Under French law, there is no obligation for males to give DNA samples, yet if they refuse "they can become potential suspects"

14.04.2014 - Update : 14.04.2014
Mass DNA tests in French school girl rape case

PARIS

Mass DNA tests on Monday are being conducted on more than 500 male students to determine the rapist of a 16-year-old schoolgirl in La Rochelle in Western France.

The DNA tests are being conducted on 500 male students in a French private Catholic school in the western French city of La Rochelle where a female student was raped last September in a school toilet. She could not identify her rapist because of the darkness as the light from the automatic time switch went off.

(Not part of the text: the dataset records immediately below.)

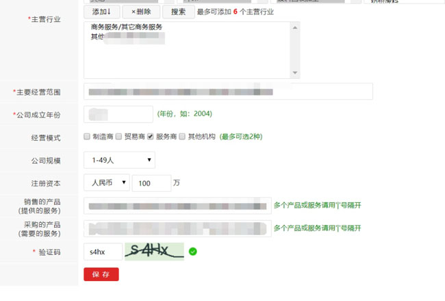 9. 填寫完成后,輸入驗證碼,點擊保存.
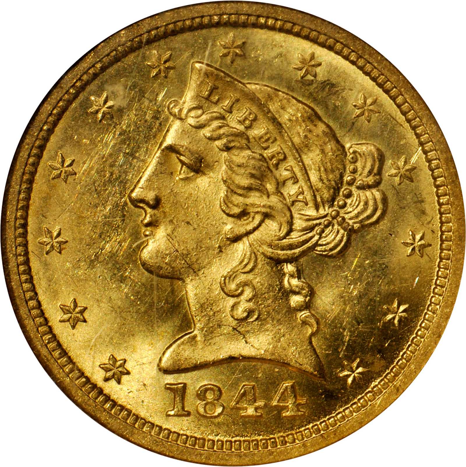 1844-O Liberty Head Half Eagle. MS-63 (NGC).This remarkable condition rarity would serve as a highlight in an advanced gold cabinet. Lively satin luster mingles with bright golden-yellow patina providing outstanding visual appeal. The strike is razor sharp ...
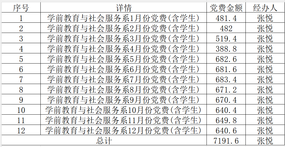 学前教育与社会服务系2025年度党费缴纳情况公示
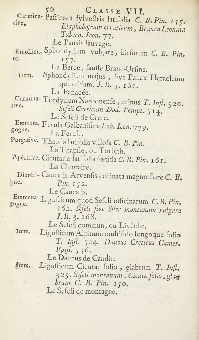 Catalogue des Plantes du Jardin de M.rs les Apoticaires de Paris, suivant leurs genres et les caractères des fleurs, conformément à la méthode de Monsieur Tournefort dans ses Instituts.
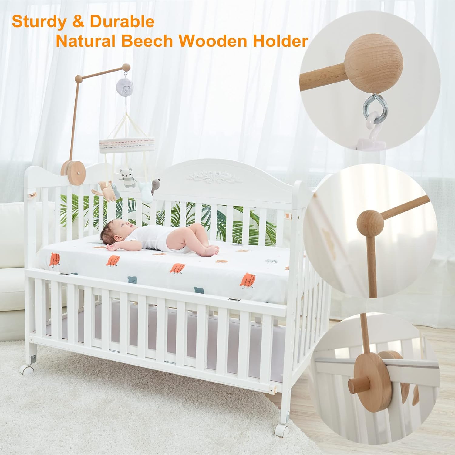 - Móvil para cuna de alta calidad: el soporte móvil para cuna (diámetro: 9.45 x 9.45 pulgadas) está hecho de madera de haya natural segura y confiable, el personal mide 18 pulgadas de altura y 12 pulgadas de extensión, es muy resistente y duradero. Adoptando telas agradables al tacto, estos juguetes de animales son seguros y cómodos para ti y tu bebé.
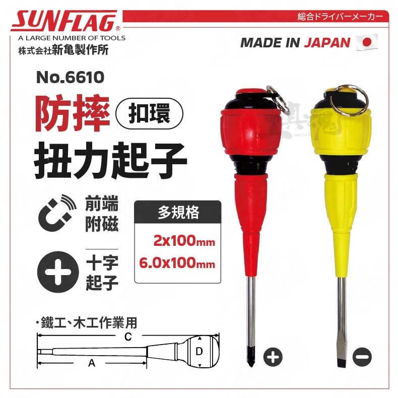 新龜- 防摔扭力起子 No.6610 十字起子 2x100mm 6x100mm 扣環 日本製 可磁吸
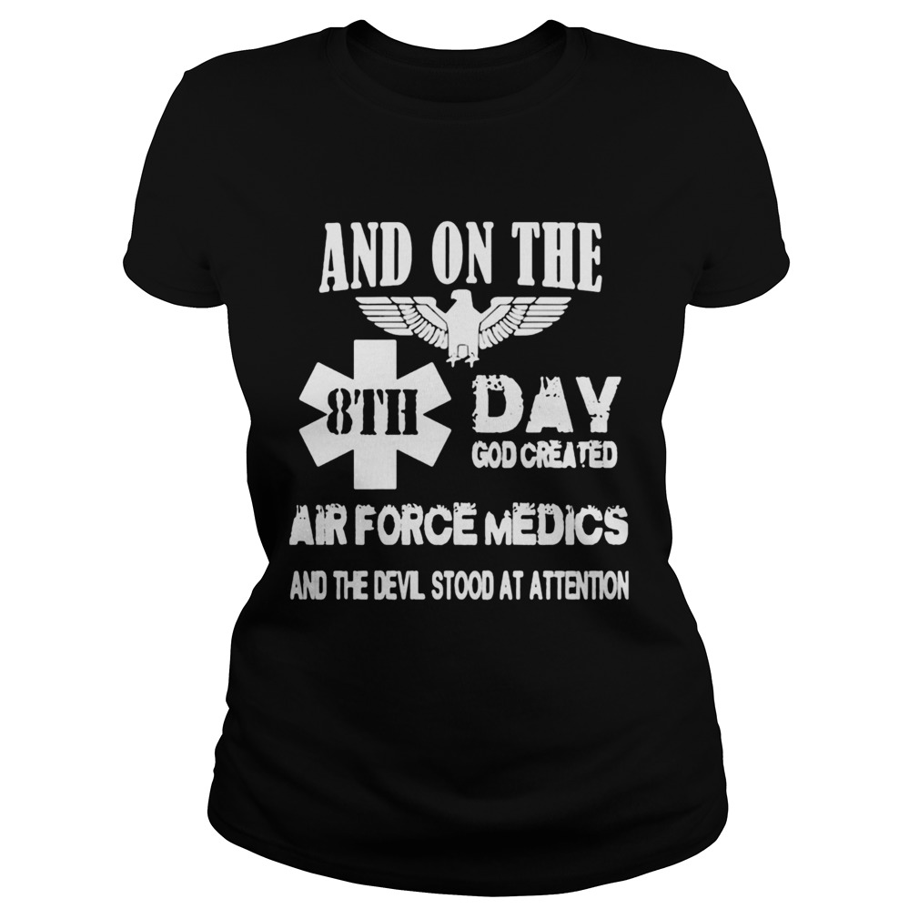 And on the 8th day god created air force medics and the devil stood at attention shirt, hoodie, sweater, longsleeve and ladies t-shirt

Prosecutors said they decided to go ahead with the mass DNA tests after several months of investigation proved "fruitless."

The tests starting Monday and ending Wednesday, will see the results out in a month, and target 475 high school students out of 1200, 31 teachers and 21 others males who were present at the school on September 30 -- the day of the attack.

Some pupils expressed their discontent to the local media saying "It’s disturbing to have to do the test, It’s bizarre," and others fear discovering the identity of the attacker, should he be a close friend. 

The tests are said to cost around €5,000 ($6,940) and saliva swabs will be taken and matched with DNA found on the girl's clothes. Tests conducted on her family and close friends tested negative, said La Rochelle Prosecutor Isabelle Pagenelle.

Under French law, there is no obligation for those males to give samples, yet if any of them refuses "they can become potential suspects who may be detained," said Pagenelle. 

She also explained that both parental and individual authorization was necessary for minors undertaking the test and all samples unrelated to the rape will be destroyed.

The French League of Human Rights criticized the procedure describing it as " disproportionate, threatening and traumatic."

"The police have probably other ways to identify who committed this heinous crime", the president of the French League of Human Rights, Pierre Tartakowsky, told local media.

The tests, the first conducted in a French school, has been conducted in at least three separate cases before in France.

In France, this practice is considered as a last resort, when prosecutors are blocked by an unresolved case or are in doubt on the offender's identity.